3Mo·

Your swarm intelligence desired 😉


I started my ETF investments at the end of 2021.

So far, I have invested my money in the MSCI World without a concept (only $ISAC (+0,26 %) then $IWDA (+0,23 %) ), $IUIT (+0,28 %) and $IUHC (+0,92 %) . Dips were bought later and when prices were good.

I am a bit suspicious of the Chinese stock market because the government there can manipulate the market considerably - hence the move to the $IWDA (+0,23 %)


I also have the DWS funds that were set up for me as a child.


The shares are more for "playing".

As I haven't yet found a method for evaluating shares that gives me a good feeling, I'm still a bit cautious here.


$WQDS (+0,24 %) , $ESIT (-0,28 %) and $INGR I would describe these as missteps and will probably sell them soon.


Now I would like to go for a clean concept and invest in savings plans.

The aim is to secure my pension and build up my assets.

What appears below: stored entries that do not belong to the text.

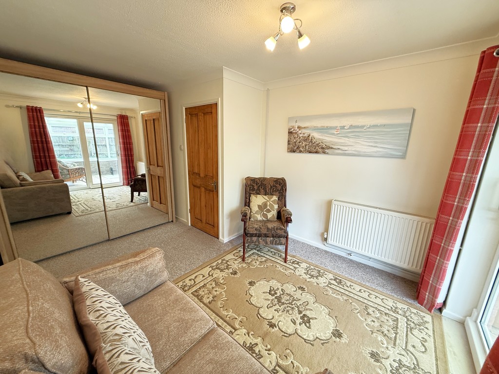 BEDROOM ONE 14' 2" max x 7' 2" min opening to 9' 11" max (4.32m max x 2.18m min opening to 3.02m max) Textured and coved ceiling, power points, double radiator, wardrobe with sliding mirrored doors. UPVC double glazed slide and tilt door to conservatory.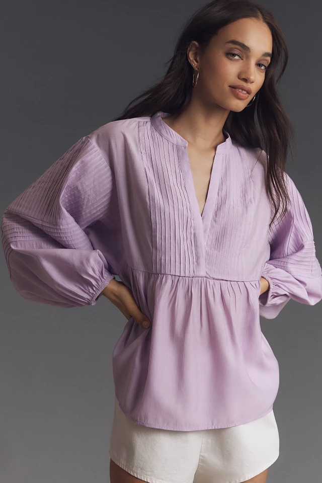 By Anthropologie Long-Sleeve Pintuck Blouse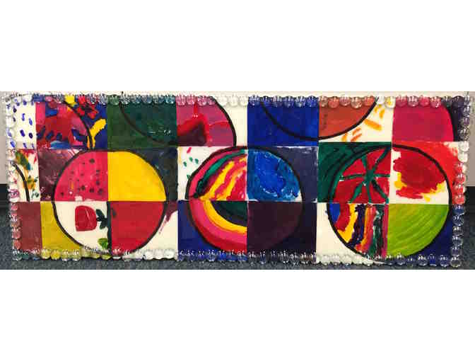 A stunning decorative piece made up of painted and glazed tiles and mounted on a wooden support. Each tile is painted by one of Ms. Wing's kids and together they are as colorful and fun as her classroom.

Now I'm just faced with the question:

What is the best way to weight my portfolio?


Core-Sattelite? - Are $IUIT (+0,28 %) and $IUHC (+0,92 %) Sattelites or already core?


50% MSCI World Core, 20% EM and 30% $IUIT (+0,28 %) / $IUHC (+0,92 %) ?


How would you proceed or what would your weighting look like in my portfolio?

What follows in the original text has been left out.